··· Collected material ···
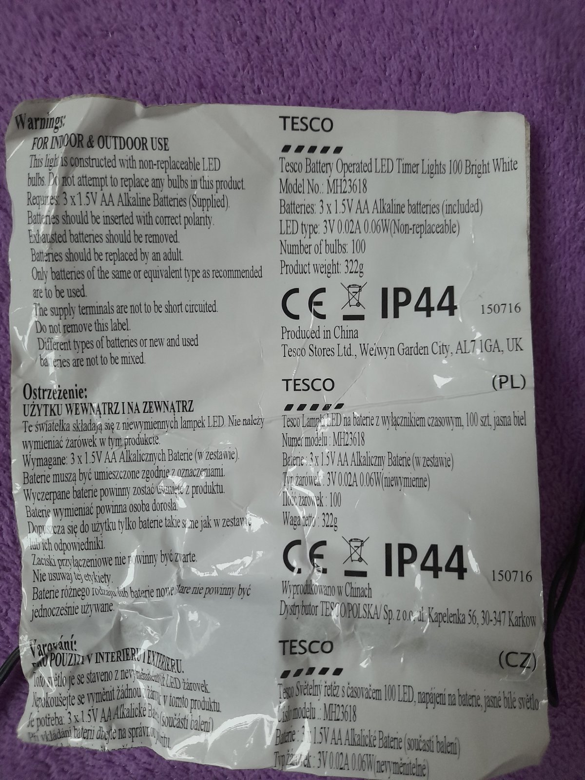 Baterie 3 × 15V AA .Počet žiaroviek 100.Typ žiaroviek 3V
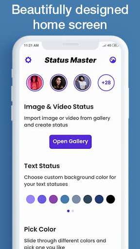 Status Master is a full fledged Photo & Video Status Maker app with all nesscessary tools. Why we call it full fledged?! because right from choosing the background for the status to choosing the time duration for the status, everything is to up to user. User can take full control over what they do and with all provided tools, they can surely make one classy and good looking status with a pinch of creativity in no time.
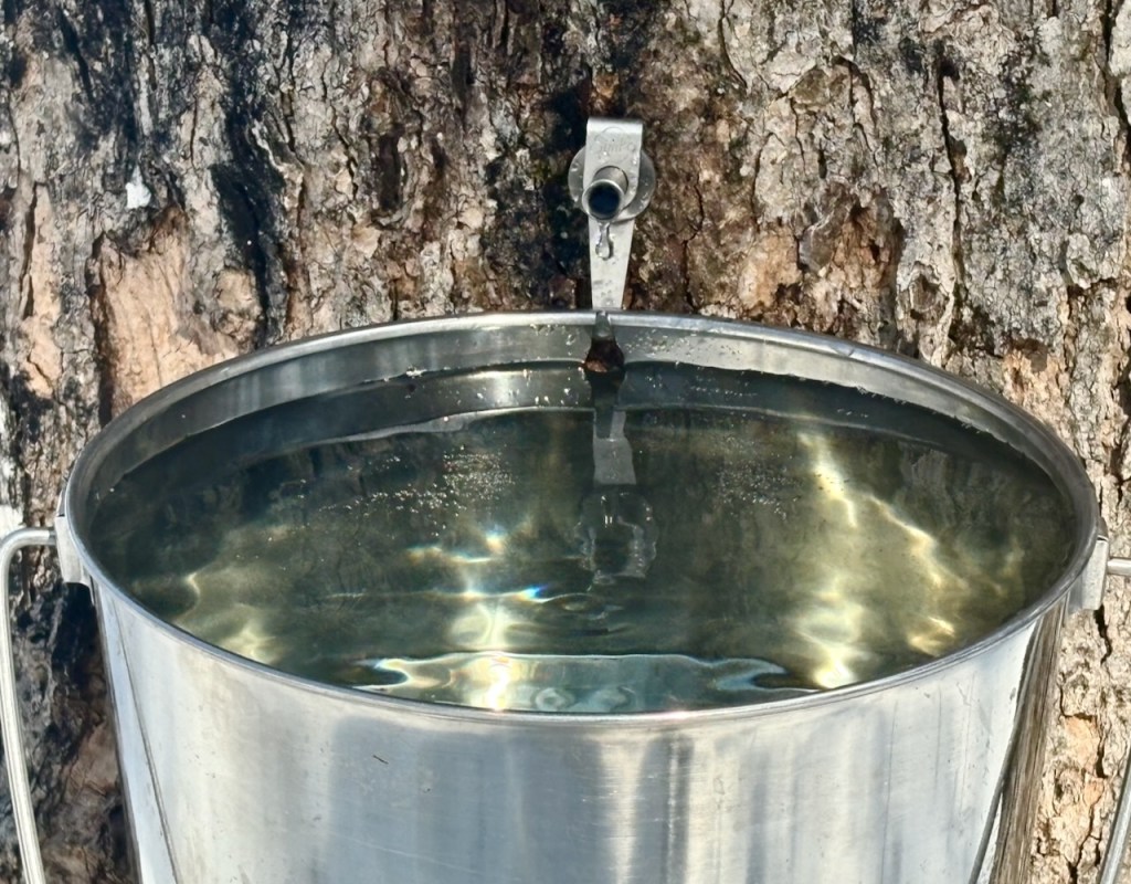 “So, TK, looking ahead, are there any freezing nights in the forecast?” He stands in the driveway with his back to the old maples where the three sap buckets hang.
···
Problem to work on:
Set down the entire material verbatim, with each picture left out.

Your response:
 Baterie 3 × 15V AA .Počet žiaroviek 100.Typ žiaroviek 3V
 Status Master is a full fledged Photo & Video Status Maker app with all nesscessary tools. Why we call it full fledged?! because right from choosing the background for the status to choosing the time duration for the status, everything is to up to user. User can take full control over what they do and with all provided tools, they can surely make one classy and good looking status with a pinch of creativity in no time.
 “So, TK, looking ahead, are there any freezing nights in the forecast?” He stands in the driveway with his back to the old maples where the three sap buckets hang.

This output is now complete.